En visionnant la bande-annonce, le cinéphile pense qu'il s'agit d'un film comme Hollywood sait les produire : à la chaîne. Avec son lot d'explosions, de tensions et de rebondissements, sans oublier son couple de héros ahuris et malchanceux. Le scénario ? Il peut s'écrire sur un post-it : deux journalistes de télévision ont décroché une interview de Kim Jong-Un. La CIA les charge d'assassiner le leader nord-coréen. Simple et (sans doute) efficace : personne n'a encore vu ce film tourné à Vancouver et qui doit sortir le 14 octobre aux États-Unis. Qu'importe : le thème de cette comédie a fait bondir Kim Myong-chol, porte-parole officieux de la dictature. Avec un sens de la nuance très relatif, il déclare : "La réalisation et la diffusion d'un film mettant en scène un attentat contre notre leader (...) constituent un acte de terrorisme et un acte de guerre absolument intolérables". Il ajoute que l'administration américaine devait l'interdire, faute de quoi la Corée du Nord sera contrainte à "des représailles impitoyables" puis, mi-philosophe mi menaçant : "Il y a quelque chose d'ironique dans cette histoire qui montre le désespoir du gouvernement américain et de la société américaine. Ce film sur l'assassinat d'un leader étranger reflète ce que les Américains ont fait en Afghanistan, en Irak, en Syrie, et en Ukraine. Et n'oublions pas qui a tué John Fitzgerald Kennedy : les Américains. En fait, c’est le président Obama qui devrait se méfier au cas où les militaires américains voudraient le tuer aussi." Mais quel film d'action trouve grâce à ses yeux ? Les films britanniques, et notamment ceux avec James Bond qu'il juge comme étant "un bon personnage avec des films beaucoup plus appréciables". Dans "The Interview", Seth Rogen et James Franco incarnent des journalistes de télévision. Randall Park interprète, lui, Kim Jong-Un. La production du film, certainement ravie par cette publicité, s'est empressée de tweeter à l'adresse du dictateur un hypothétique : "J'espère qu'il aimera"...

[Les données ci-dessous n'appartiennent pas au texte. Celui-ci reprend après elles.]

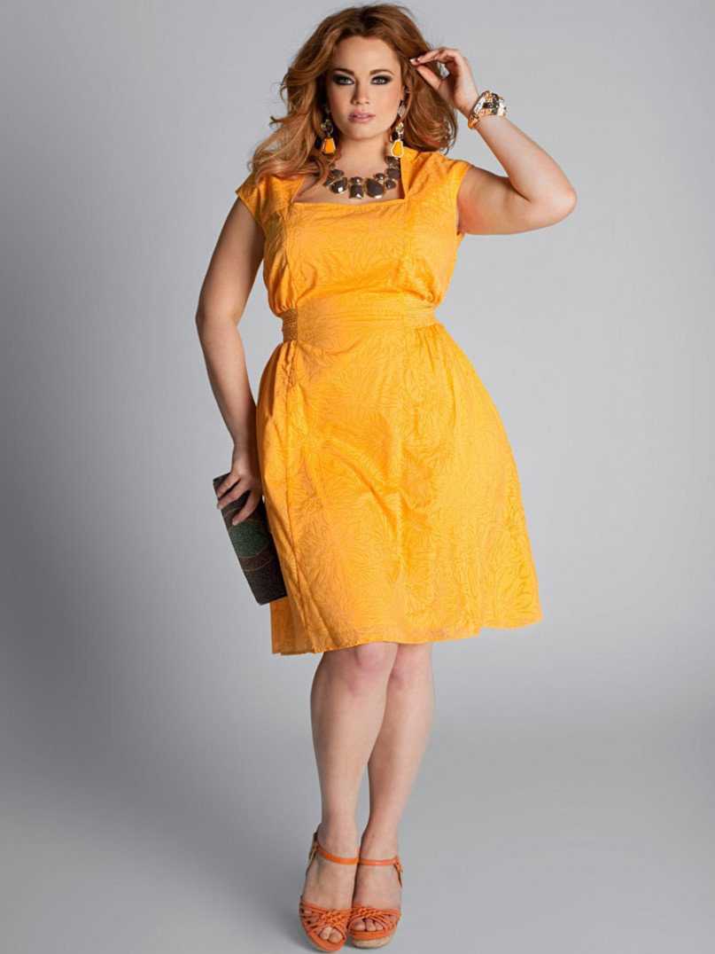 Мешковатые платья и широкие балахоны в далеком прошлом. На сегодняшний день нарядные платья для пышных женщин не ограничиваются несколькими моделями. Фасон подходящего наряда напрямую зависит от типажа женской фигуры. Универсальной длиной платья считается длина чуть ниже колен. Стильные и нарядные платья футляр прекрасно сядут на полных женщин с фигурой «песочные часы». Интересные платья А-силуэта удачно скроют недостатки ног фигуры «груша». Ну а для объемов «яблочко» модельеры советуют выбирать модели с явно выраженной талией, например, платье в нежном греческом стиле, трапециевидные наряды или дополнение в виде пояса
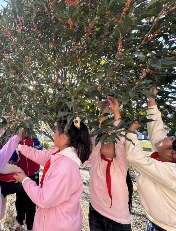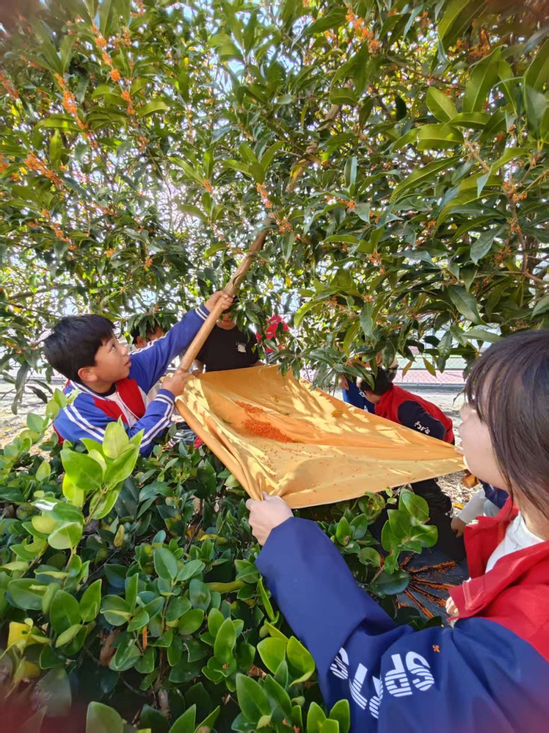 时序近冬,秋意将阑,浮梁三小的桂花仍坚守枝头,吐露着清甜芬芳。近日,在章桃、陈建强、李梦洁三位班主任工作室主持人的精心组织下,一场以“采桂闻香·传承雅韵”为主题的沉浸式劳动实践活动在校园里欢乐上演。由六个班级学生组成的吉祥队、如意队与丰收队,化身“小小探秘家”,走进这片冬日里的金色桂海,在动手采摘、团结协作中,感受丰收的喜悦,解锁自然的奥秘,真正上了一堂生动有趣的“实践育人课”。
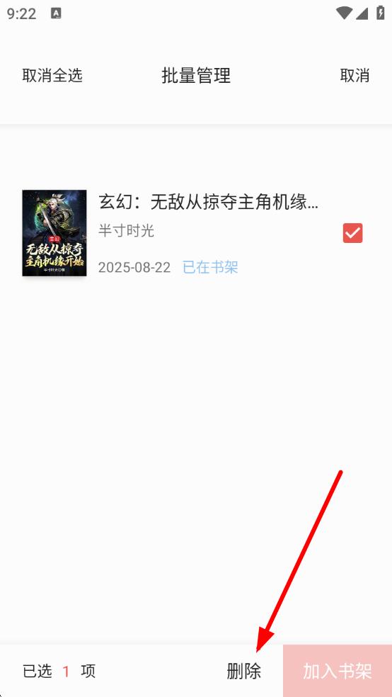 3、在批量管理界面勾選要?jiǎng)h除閱讀記錄的書籍,點(diǎn)擊下方刪除按鈕完成操作。
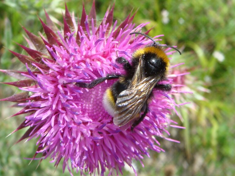 On the Spetchells, Bird’s-foot Trefoil, Ox-eye Daisy and Musk Thistle were the go-to plants for bumblebees. Marjoram was not quite in flower, but over the next few weeks, will be in full bloom on the hills and attracting many bees. A particular highlight while on the hills was a sighting of the Vestal Cuckoo Bee, a scarcer bumblebee in the region. A species of cuckoo bumblebee, females take over the nests of Buff-tailed Bumblebees. While a bit trickier to identify, Richard went through the key ID features of cuckoo bumblebees to look out for. All six cuckoo bumblebees are found in the North East and two species have been recorded at the Spetchells. The Red-tailed Cuckoo Bee, also found on the Spetchells, is a target bee species of the North East Bee Hunt.
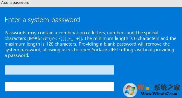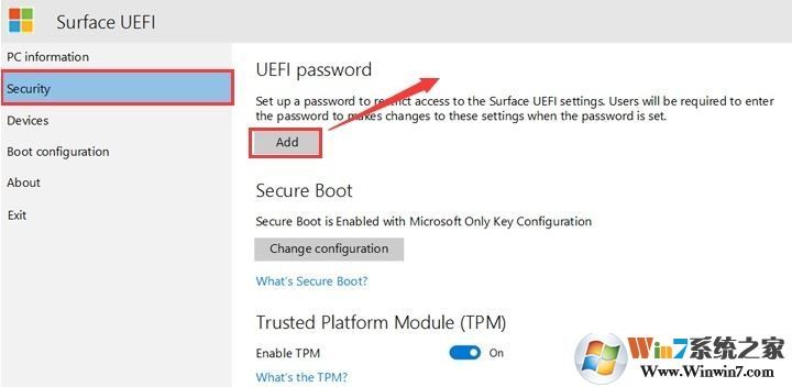 2、進(jìn)入BIOS界面后,我們首先往下移到security(安全選項(xiàng))上,在右側(cè)的uefi password增加密碼,在將 Surface 設(shè)備啟動到 UEFI 時,必須輸入此密碼。 密碼可包含以下字符:大寫字母:A-Z 小寫字母:a-z 特殊字符: ! @# $%^ & * () ? <>{}[]-_ = + |。,;: '"密碼必須最少為 6 個字符,并且區(qū)分大小寫,如下圖所示;
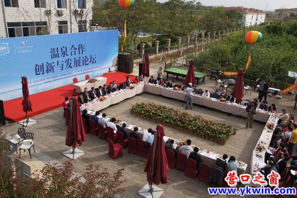5月10日15時(shí),兩岸溫泉產(chǎn)業(yè)合作創(chuàng)新與發(fā)展論壇如期在熊岳河海龍灣度假公寓舉行。中華孝教善業(yè)總會(huì)、中華海峽兩岸與交流協(xié)會(huì)、臺(tái)北紗帽山溫泉發(fā)展協(xié)會(huì)的代表與營(yíng)口開發(fā)區(qū)河海龍灣、憶江南溫泉谷、天沐溫泉、親和源等溫泉企業(yè)負(fù)責(zé)人出席論壇。16時(shí)48分,兩岸溫泉產(chǎn)業(yè)合作項(xiàng)目的相關(guān)負(fù)責(zé)人在河海龍灣度假公寓舉行了簽約儀式。
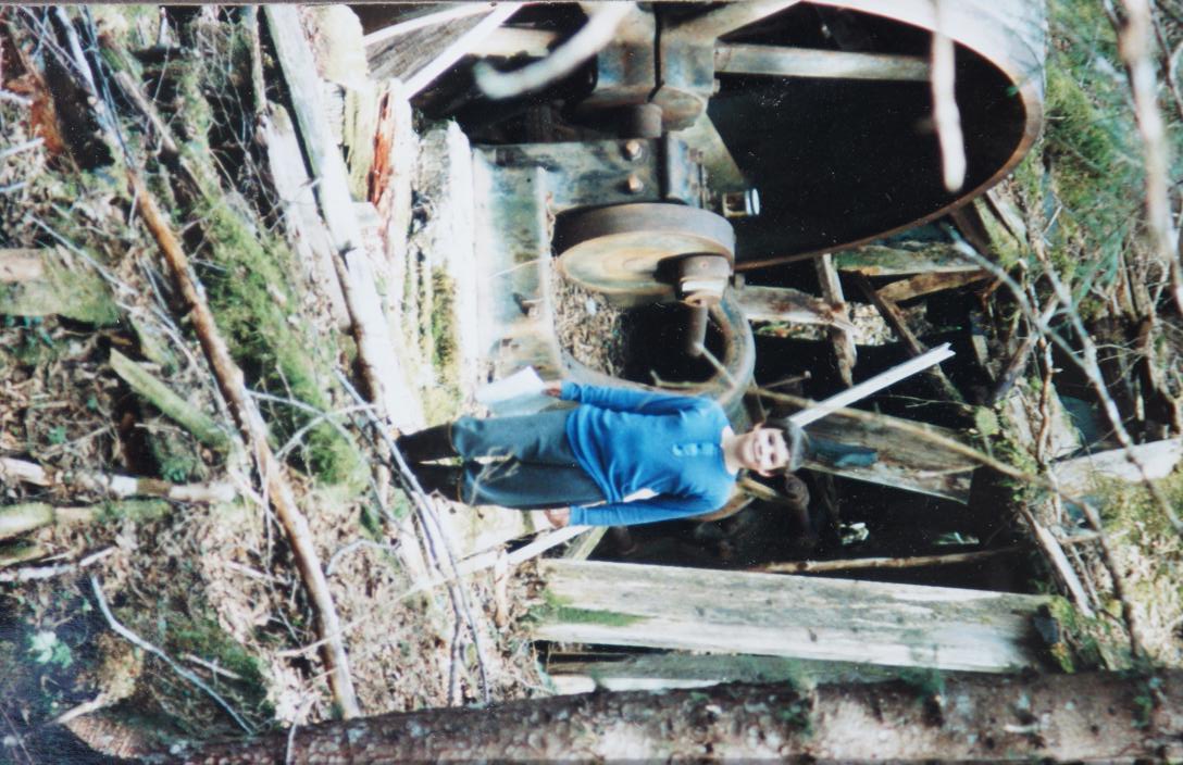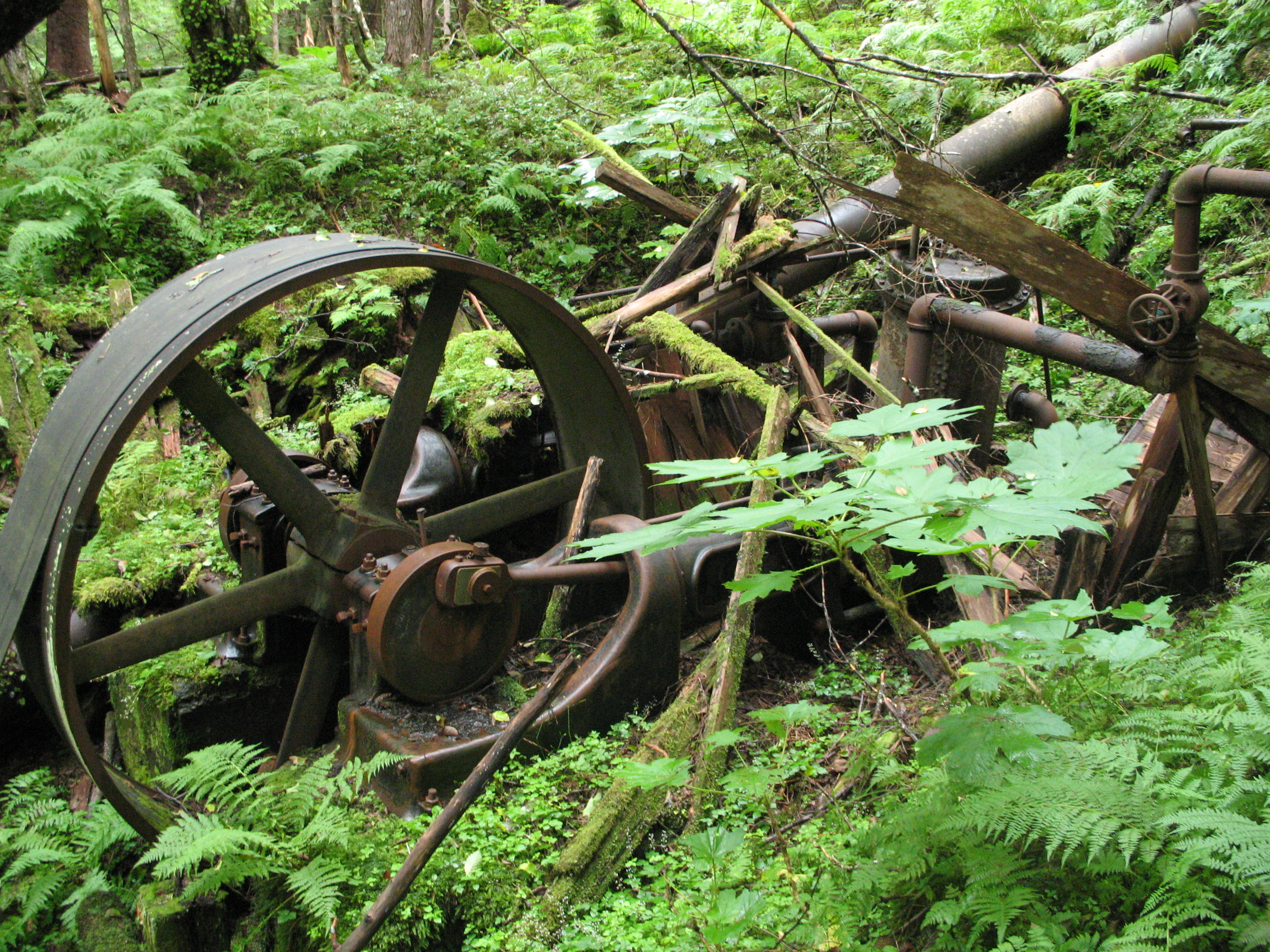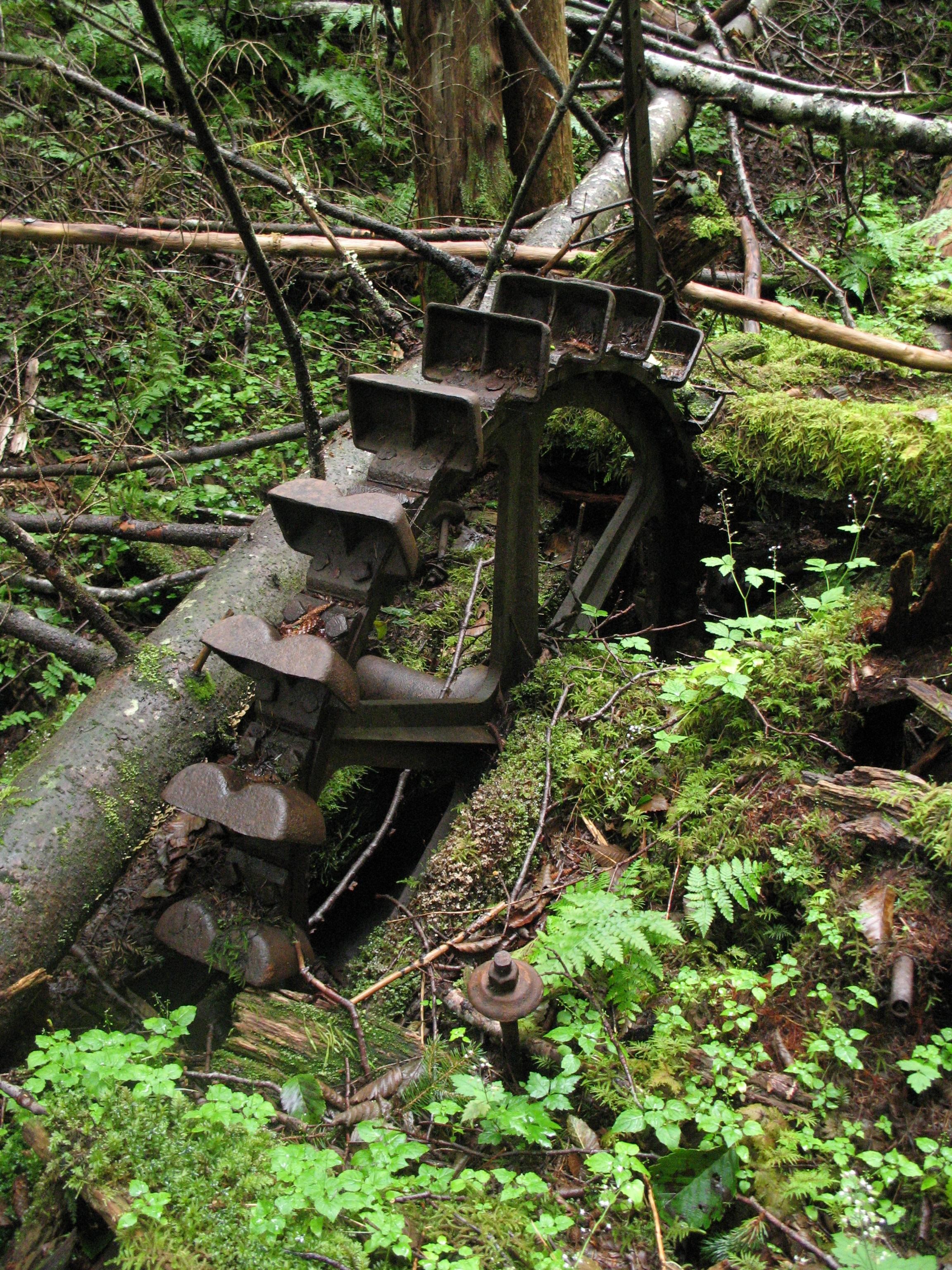 In addition to supplying boilers, canning systems, kitchens, baths, etc, water was also used directly to generate power in several places. At the base of Mount Robert Barron is a large Pelton wheel, driving an air compressor and electric generator to charge battery-powered mine locomotives. Water was collected in ditches from a bench partway up the mountain, and funneled into a pipeline dropping steeply down the side.

Le film se moque du culte de la personnalité entretenu par la dynastie Kim
"Il n'urine ni ne défèque"
Dans la bande annonce de "The Interview", la Corée du Nord est considérée comme le "pays le plus dangereux au monde" et elle se moque du culte de la personnalité entretenu par la dynastie Kim. "Le peuple de Kim Jong-Un croit tout ce qu'il lui dit, y compris qu'il peut parler aux dauphins, ou qu'il n'urine ni ne défèque". La charge est pourtant moins énorme qu'il n'y parait.
En Corée du Nord, les passants doivent se prosterner devant les statues de Kim et se retirer à reculons, on affirme dans les écoles qu'un double arc-en-ciel et une étoile seraient apparus dans le ciel lors de la naissance de son père, Kim Jong-il, lequel entretenait des rapports particuliers avec l'univers cinématographique : le dirigeant n'avait pas hésité à faire enlever un réalisateur sud-coréen et son épouse pour réaliser des films chez lui, à Pyongyang. Paranoïaque, dormant avec un révolver sous l'oreiller, le "cher leader" était persuadé qu'un élevage de "lapins géants" pourrait enrayer la faim dans le pays etc.
Il existe tellement d'anecdotes susceptibles de nourrir une telle fiction ! Tout cela prêterait à sourire s'il n'y avait les drames, bien réels ceux-là, que cette dictature engendre dans une impunité totale. La commission de l'ONU publiait il y a plusieurs semaines un rapport de 374 pages. Le document détaille les violations systématiques de la population nord-coréenne par le gouvernement, y compris les allégations d'assassiner, le viol utilisé comme un instrument de torture, les enlèvements, l'esclavage et la famine. Dans son communiqué, le porte-parole de Kim Jong-Un a dénoncé le cinéma américain rempli "d'assassinats et d’exécutions". Une colère qui n'est pas sans rappeler celle des défenseurs des droits de l'Homme. Eux aussi dénoncent "les assassinats et exécutions" en Corée du Nord. Et cette fois, ça n'est pas du cinéma.